Conventional form discrimination method is to find the straight line in image, enters line tilt correction according to straight line, in slant correction
Image in if horizontal linear and vertical line meet table features, then it is assumed that be form, but this method is on the one hand easy
Correction is inaccurate, on the other hand, has some similar to tabular drawing picture by flase drop, causes false drop rate higher.And conventional form
Positioning is by finding straight line Information locating table cell, and this method can cause position inaccurate due to the interruption of straight line.
The content of the invention
The technical problems to be solved by the invention are to provide one kind for above-mentioned the deficiencies in the prior art to be based on table in image
The form of case analysis technology differentiates and localization method, form discriminating and localization method based on tabular analysis technology in image,
Differentiate that outer encirclement frame is by the method for finding doubtful table area and internally find the horizontal and vertical straight line for meeting number
No is form, eliminates non-tabular drawing picture, differentiates that the accuracy rate of form is higher, and using each encirclement frame in searching form
Method, each encirclement frame in form can form a profile, be ranked up according to the position of profile, final position-table,
Laid the foundation for reduction form data afterwards, form locating is very accurate.

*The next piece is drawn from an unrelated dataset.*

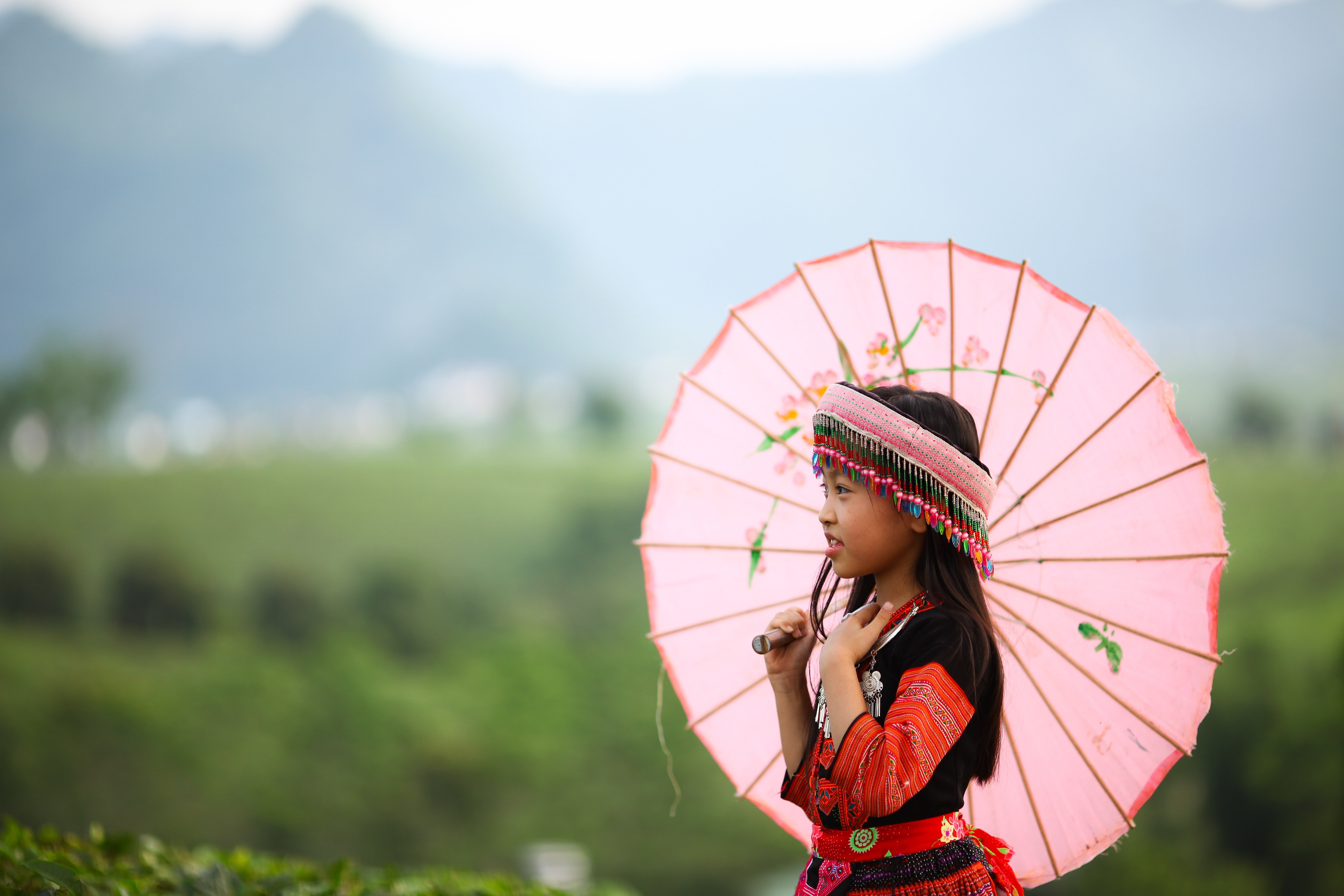 Обои: Маленькая девочка азиатка в розовым зонтом
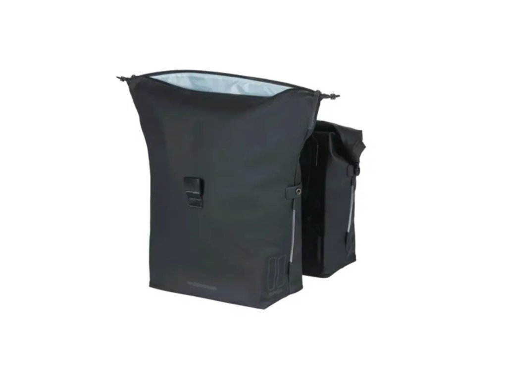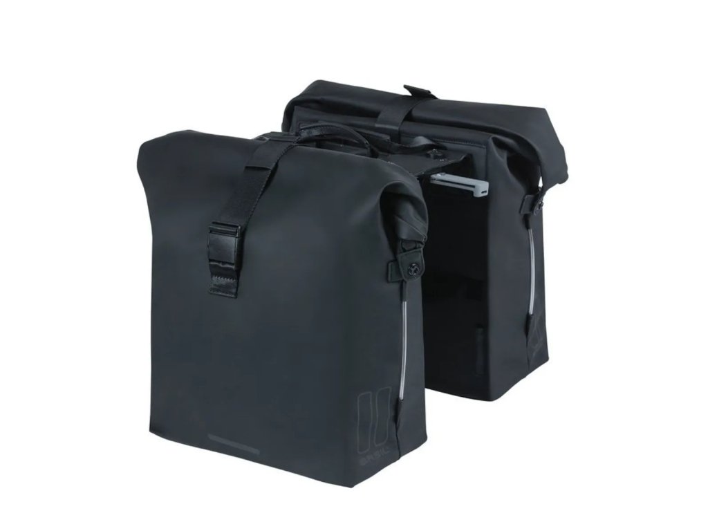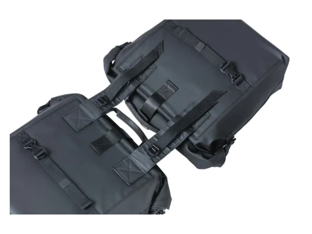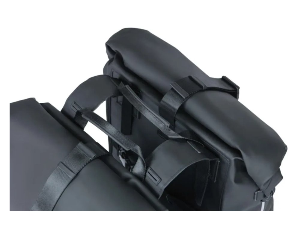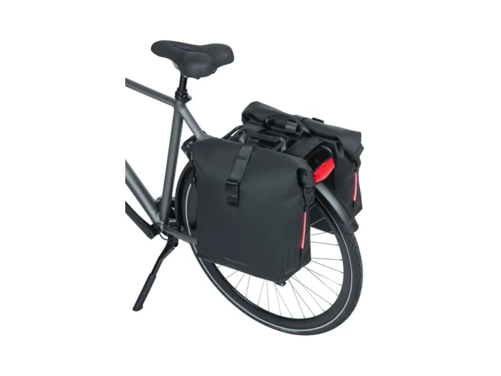 Hledáte prostornou brašnu na kolo, která zároveň dobře vypadá? Pak je dvojitá brašna na kolo Basil SoHo Northern Lights ta pravá. Je vyrobena z matného PU materiálu, který je velmi jemný na dotek a má objem 41 litrů. Brašna je vodotěsná (IPX3), takže vaše věci zůstanou vždy v suchu. Brašna se uzavírá rolovacím uzávěrem, který se připevňuje k bokům brašny pomocí patentek. Brašna je vybavena technologií Nordlicht, integrovaným LED páskem. To vám pomůže vyniknout ve tmě. Osvětlení LED funguje na 2 baterie AAA.

To realize above-mentioned technical purpose, the technical scheme that the present invention takes is:
Form based on tabular analysis technology in image differentiates and localization method, comprises the following steps:
1)Encirclement frame all in image will be extracted similar to form scan sample into image;
(2)Minimum length threshold, maximum length threshold, minimum widith threshold value and the Breadth Maximum threshold value of encirclement frame are set,
Set area ratio max-thresholds and area ratio minimum threshold;
(3)Maximum length threshold and minimum length threshold of the length in encirclement frame are chosen from all encirclement frames of image
Between and width is between the Breadth Maximum threshold value and minimum widith threshold value of encirclement frame and area is maximum encirclement frame;
(4)By by step(3)Obtained encirclement frame enters line tilt correction to image;
(5)Extract outer encirclement frame all in the image of slant correction, maximum length threshold of the extraction length in encirclement frame
Be worth between minimum length threshold and width is all outer between the Breadth Maximum threshold value and minimum widith threshold value of encirclement frame
Encirclement frame, and each outer encirclement frame of extraction is labeled as doubtful table area;
(6)The inside of the doubtful table area obtained to step (5) carries out looking for encirclement frame to operate, and extracts the area of encirclement frame
With all bags of the ratio of the boundary rectangle area of itself between area ratio max-thresholds and area ratio minimum threshold
Peripheral frame;
(7)The minimal amount threshold value and maximum number threshold value of the horizontal line section number included in doubtful table area are set,
The minimal amount threshold value and maximum number threshold value of the vertical segment number included in doubtful table area are set, is become by Hough
The method for changing detection of straight lines is detected by step(6)The horizontal line hop count that all encirclement frames include in obtained doubtful table area
Mesh and vertical segment number, extract the minimal amount threshold value and maximum number of the horizontal line section number that includes in horizontal line section number
Between threshold value and comprising vertical segment number between the minimal amount threshold value and maximum number threshold value of vertical segment number
The doubtful table area of extraction is simultaneously labeled as form by doubtful table area;
(8)According to finding the method for each encirclement frame in form successively to step(7)Obtained form carries out form locating.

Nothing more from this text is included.